– Шурка, сходи, – не останавливаясь, бросила через плечо сестра.

– Почему всегда я?

Сестра полуобернулась, приподняв в секундном удивлении ниточки-брови, нежная кожа вокруг которых еще хранила следы легкого покраснения от безжалостного пинцета.

– Потому что ты – младшая.

Спорить было бесполезно. Шура знала об этом и препиралась лишь для порядка, на всякий случай: а вдруг в Маньке проснется-таки совесть? Обычно ж балуют меньших…

Трах! – Дверь в комнату плотно затворилась за старшей сестрой, чья совесть, если таковая имелась вообще, продолжала крепко спать.

Вздохнув, Шура взяла у матери ведро.

– Лето будет жарким, – проговорила мать не то дочери, не то себе самой, – горит земля… Она же живая, кормилица, ей тоже пить хочется…

В окно, вздыбив выцветшую занавеску, с воем ворвался свирепый суховей, бросив на стол пригоршню серой пыли.

Когда Шура вошла в комнату, сестра, полулежа на своей кровати, в изголовье которой в немыслимом количестве красовались невесть откуда добытые Манькой вырезки из газет и журналов, – Софи Лорен, Бельмондо, Элизабет Тейлор, – красила длиннющие ногтищи потрясающим сине-зеленым лаком, изготовленным из толченого мела и стыренного у матери резинового клея.

– Ну как? – она помахала в воздухе растопыренными пальцами.

– Здорово, – вздохнула Шура, снова тайно позавидовав тому, что сестра пошла после восьмого класса учиться в ПТУ на бухгалтера, где правила не были такими строгими, как в школе.
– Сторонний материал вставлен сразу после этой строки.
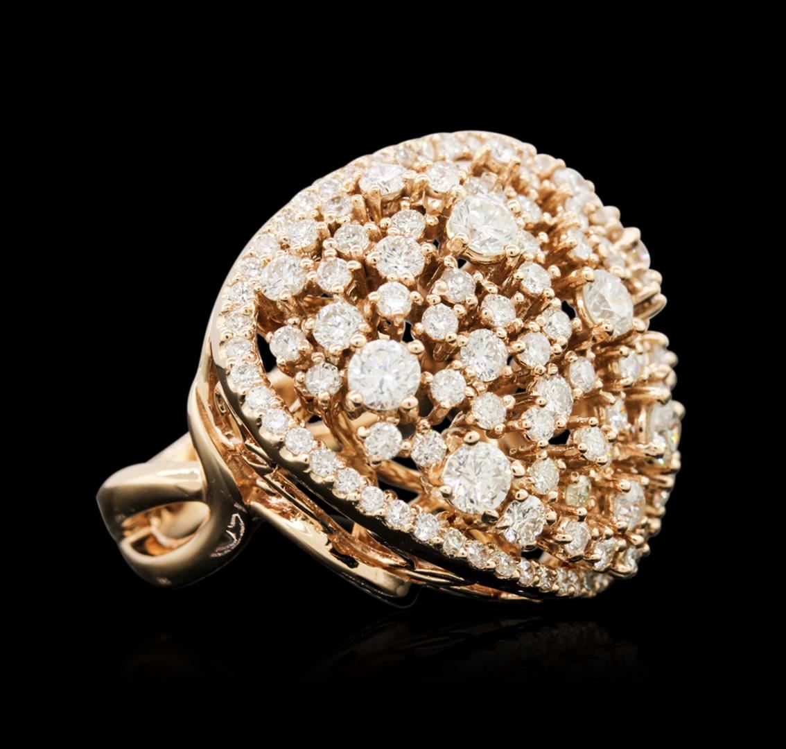 One electronically tested 14KT rose gold ladies cast diamond ring with a bright polish finish. Identified with markings of "585". Condition is new. Containing: Seven prong set round brilliant cut diamonds, measuring 3.20 - 3.20 x 1.92mm (depth est.) approximate total weight of 7 Stones = 0.84ct. Clarity: SI-1 to SI-2. Color: I - J, Cut is Good. One Hundred Twenty-Three prong set round brilliant cut diamonds, measuring 2.10 - 1.30 x 1.02mm (depth est.) approximate total weight of 123 Stones = 1.50ct. Clarity: SI-1 to I-1. Color: H - I, Cut is Good. All diamonds are graded in the mounting, unless otherwise stated. Total Weight of Diamonds 2.34ct. Total Weight of Ring 14.50 grams. GGL Appraised at $8,855.00.
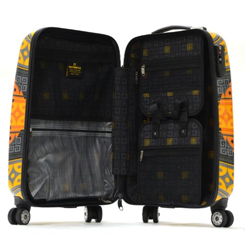-. Binding : Apparel -. Brand : Olympia -. Department : lage -. Feature : Top quality aluminum handle system. / Built-in TSA lock / Fully padded and elegantly designed interior lining with zippered internal divider with web and wet pouch. / Padded compression divider with zipper pockets and includes a lage cover and removable shoe pocket. / Size-21x14x9 -. Label : Olympia Lage -. Manufacturer : Olympia Lage -. PackageQuantity : 1 -. ProductGroup : Apparel -. ProductTypeName : LAGE -. Publisher : Olympia Lage -. Studio : Olympia Lage -. Title : Olympia Lage New Age Art Series 21 Inch Carry-On

Шура же была почти отличницей, училась легко, с удовольствием. Но появись она с такими ногтями на уроке математики, которую вел сам директор школы, – страшно даже представить выражения, что услыхала бы она из его уст. Поговаривали, когда-то директор работал в колонии строгого режима и изъясняться умел виртуозно.

Исполнившись печальных размышлений, Шура нечаянно задела стоявшую на стуле сумку сестры, которая плюхнулась на пол, рассыпав нехитрое содержимое.

– Корова! – гневно сдвинула брови, встряхнув белокурыми локонами, старшая. – Собирай!

Присев на корточки, Шура подняла ручку, обкусанный карандаш, губную помаду, пудреницу, расческу и…

– Мань, ты что куришь?!

– Тише, не ори! – зашипела подскочив, сестра. Глаза, подведенные до висков зелеными стрелками, угрожающе потемнели. – Только скажи маме! Я с тобой разговаривать перестану, поняла? Рот закрой – муха влетит. И перестань меня называть меня этой дурацкой Маней. Меня зовут Марианна, ясно? Ма-ри-ан-на!

– Тогда и ты меня Александрой зови, – с вызовом сказала младшая.

– Погляди на себя в зеркало! – фыркнула Марианна. – Тоже мне, Александра! Тебя Фросей надо было записать или Лукерьей.

Шура не стала смотреть в зеркало. Она и так знала, что сестра права. Невысокая, полненькая, с семейкой веснушек на вздернутом носике, толстой русой косой ниже пояса, она уродилась в мать – простую местную казачку-крестьянку. Маньке-Марианне же повезло пойти в отца – высокого, белокожего, тонколицего, ясноглазого – проворовавшегося торгового работника, «мотавшего срок» на строительстве ГЭС. Он говорил, что когда-нибудь они всей семьей переедут в Ленинград, а мать противилась, мол, не сможет она жить вдали от степи и Волги… Спор этот разрешился сам собой, когда семь лет назад отец тихо скончался от аристократическо-зековской болезни – туберкулеза, в просторечье – чахотки…

– Шурка! – окликнула сестра.

– Что? – отряхнулась она от тягостных раздумий.

– Что ты думаешь делать, когда школу закончишь?

– Не знаю, – пожала плечами Шура. – Работать пойду, как все. А что?

– А то… – ясный взгляд Марианны сделался вдруг тяжелым, непонятно-колючим и каким-то чужим. – Я лично не собираюсь всю жизнь прозябать в этой дыре. Грязищи по колено, один клуб на всю округу с тошниловкой, где по бутербродам мухи елозят… А парни! Ты их рожи видела? Одно алкашье. Замуж не за кого выходить. Кем мы здесь станем? Протухшими резиной тетками? Старухами в тридцать? На всю жизнь останемся Манькой и Шуркой? Я не хочу такой судьбы, сестренка.